Mr. Lee alleges that he was going to receive X-rays of his chest and neck area following an injury he alleges he suffered on February 8, 2013. The allegations in the motion for preliminary injunction and/or a temporary restraining order are related to the claims asserted in Mr. Brooks' amended Prisoner Complaint. He contends Defendants are obstructing the investigation concerning the events alleged in the amended complaint, and he seeks and immediate transfer because he contends his life is in danger of further harm by Defendants.

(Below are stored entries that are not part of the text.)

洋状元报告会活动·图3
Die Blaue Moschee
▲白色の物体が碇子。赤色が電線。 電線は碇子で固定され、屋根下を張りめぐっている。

"[A] showing of probable irreparable harm is the single most important prerequisite for the issuance of a preliminary injunction." Dominion Video Satellite, Inc. v. Echostar Satellite Corp., 356 F.3d 1256, 1260 (10th Cir. 2004). Thus, Mr. Lee "must first demonstrate that such injury is likely before the other requirements for the issuance of an injunction will be considered." Id.

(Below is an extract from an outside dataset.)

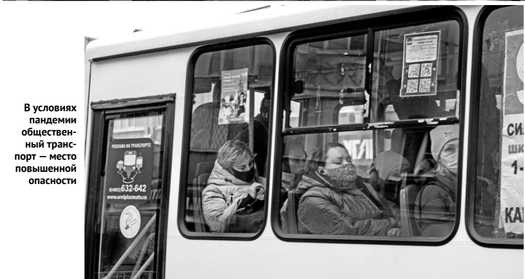
В условиях пандемии общественный транспорт — место повышенной опасности

— Нарушение мы также зафиксировали при помощи фотосъёмки. Теперь у нас есть все основания привлечь к ответственности перевозчика. Мы его вызовем, составим протокол о нарушении масочного режима, допущенного водителем, и к ответственности будет привлечено уже не физическое лицо, а организация — в этом случае ИП. Штрафы здесь уже другие: при повторных нарушениях — от 30000 рублей. А на юридических лиц — от 50000 рублей и выше, — говорит руководитель управления дорожного хозяйства, транспорта и реализации государственных строительных программ профильно-

"To constitute irreparable harm, an injury must be certain, great, actual and not theoretical." Heideman v. S. Salt Lake City, 348 F.3d 1182, 1189 (10th Cir. 2003) (internal quotation marks omitted). Therefore, Mr. Lee "must establish both that harm will occur, and that, when it does, such harm will be irreparable." Vega v. Wiley, 259 F.Appx. 104, 106 (10th Cir. 2007). Furthermore, a party seeking preliminary injunctive relief "must show that the injury complained of is of such imminence that there is a clear and present need for equitable relief to prevent irreparable harm." Heideman, 348 F.3d at 1189 (emphasis in original). A preliminary injunction is only appropriate "to prevent existing or presently threatening injuries. One will not be granted against something merely feared as liable to occur at some indefinite time in the future." Connecticut v. Massachusetts, 282 U.S. 660, 674 (1931).

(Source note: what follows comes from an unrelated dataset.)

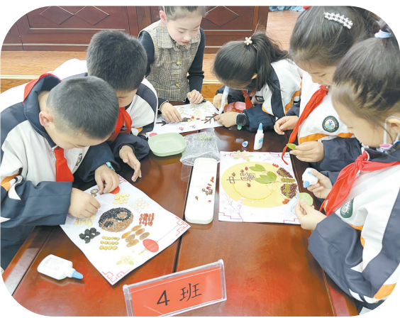
创新学科融合,丰富教学内涵。

校园文化能够潜移默化地影响师生，是学校的隐性课程。2021年3月，潞州区下南街小学与市中医研究所附属医院联手建立长治市首个“中医药文化进校园科普基地”，并以“承神农文化、传本草精华，续中医神奇”为使命，结合项目式学习积极创建“中草药种植园”、打造“中医药文化厅”、设置“中医药宣传栏”等教育环境，营造中医药文化氛围。
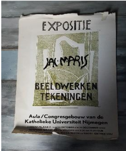
Affiche expositie Aula van de Katholieke Universiteit Nijmegen

Mr. Lee fails to demonstrate, clearly and unequivocally, that he is entitled to preliminary injunctive relief. In particular, Mr. Lee fails to allege specific facts that demonstrate he will suffer future injury that is irreparable if no preliminary injunction is issued. The preliminary injunctive relief he seeks with respect to the investigation into the physical injury he alleges does not implicate injuries that are irreparable. Even with respect to the alleged need for a transfer because he believes his life is in danger, Mr. Lee fails to "show that the injury complained of is of such imminence that there is a clear and present need for equitable relief to prevent irreparable harm." Heideman, 348 F.3d at 1189. Therefore, the motion for preliminary injunctive relief will be denied.
Accordingly, it is
ORDERED that the document titled "Order to Show Cause for an [sic] Preliminary [Injunction] and/or Temporary Restraining Order" (ECF No. 5) that Plaintiff, Mario Anton Lee, filed on July 16, 2013, and which the Court has construed liberally as a motion for a preliminary injunction and/or a temporary restraining order, is denied.